Description
This one day course will cover advanced configuration of Snort and its output mechanisms as well as advanced rule writing techniques. Three areas will be covered.
Advanced configuration. Learn to squeeze the most performance out of Snort's preprocessors and configure the system for large network environments.
Advanced rule writing. Learn to write Snort rules that unleash the full power of Snort's detection engine. Regular expressions, protocol decoding and detection of vulnerability access (not exploits!) will be covered.

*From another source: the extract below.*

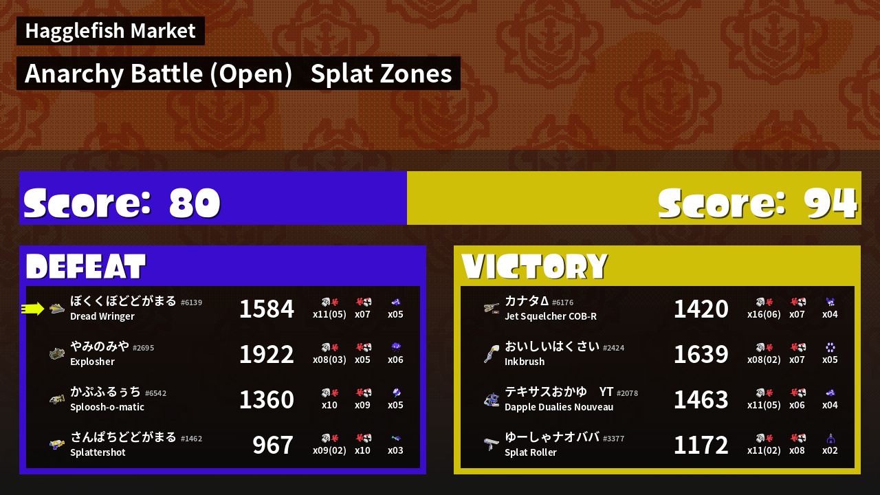 | Mode | Splat Zones - Anarchy Battle (Open) |

Output management. Snort generates tons of data, learn how to manage it effectively to get the most out of your deployment!
Prerequisites
Working knowledge of Snort - must be able to put Snort into IDS mode, configure basic rules/preprocessors/output mechanisms
Basic command line proficiency on host OS (Windows/UNIX)
Basic proficiency with vi/vim, emacs degenerates need not apply
Ok, just kidding about that last one...
Martin Roesch
Marty is a respected authority on intrusion detection technology and forensics, and today works at Sourcefire where he is the founder and CTO. Martin, who has 17 years industry experience in network security and embedded systems engineering, is also the author and lead developer of the Snort Intrusion Detection System.
Over the past eight years, Martin has developed various network security tools and technologies, including intrusion detection systems, honeypots, network scanners, and policy enforcement systems for organizations such as GTE Internetworking, Stanford Telecommunications, Inc., and the Department of Defense. He has applied his knowledge of network security to penetration testing and network forensics for numerous government and large corporate customers. Martin has been interviewed as an industry expert in multiple technology publications, as well as print and online news services such as MSNBC, Wall Street Journal, CNET, ZDNet, and numerous books. Snort has been featured in Scientific American, on A&E;'s Secret Places: Inside the FBI, and in several books, such as Network Intrusion Detection: An Analysts Handbook, Intrusion Signatures and Analysis, Maximum Security, Hacking Exposed, and others.
Martin holds a B.S. in Electrical and Computer Engineering from Clarkson University.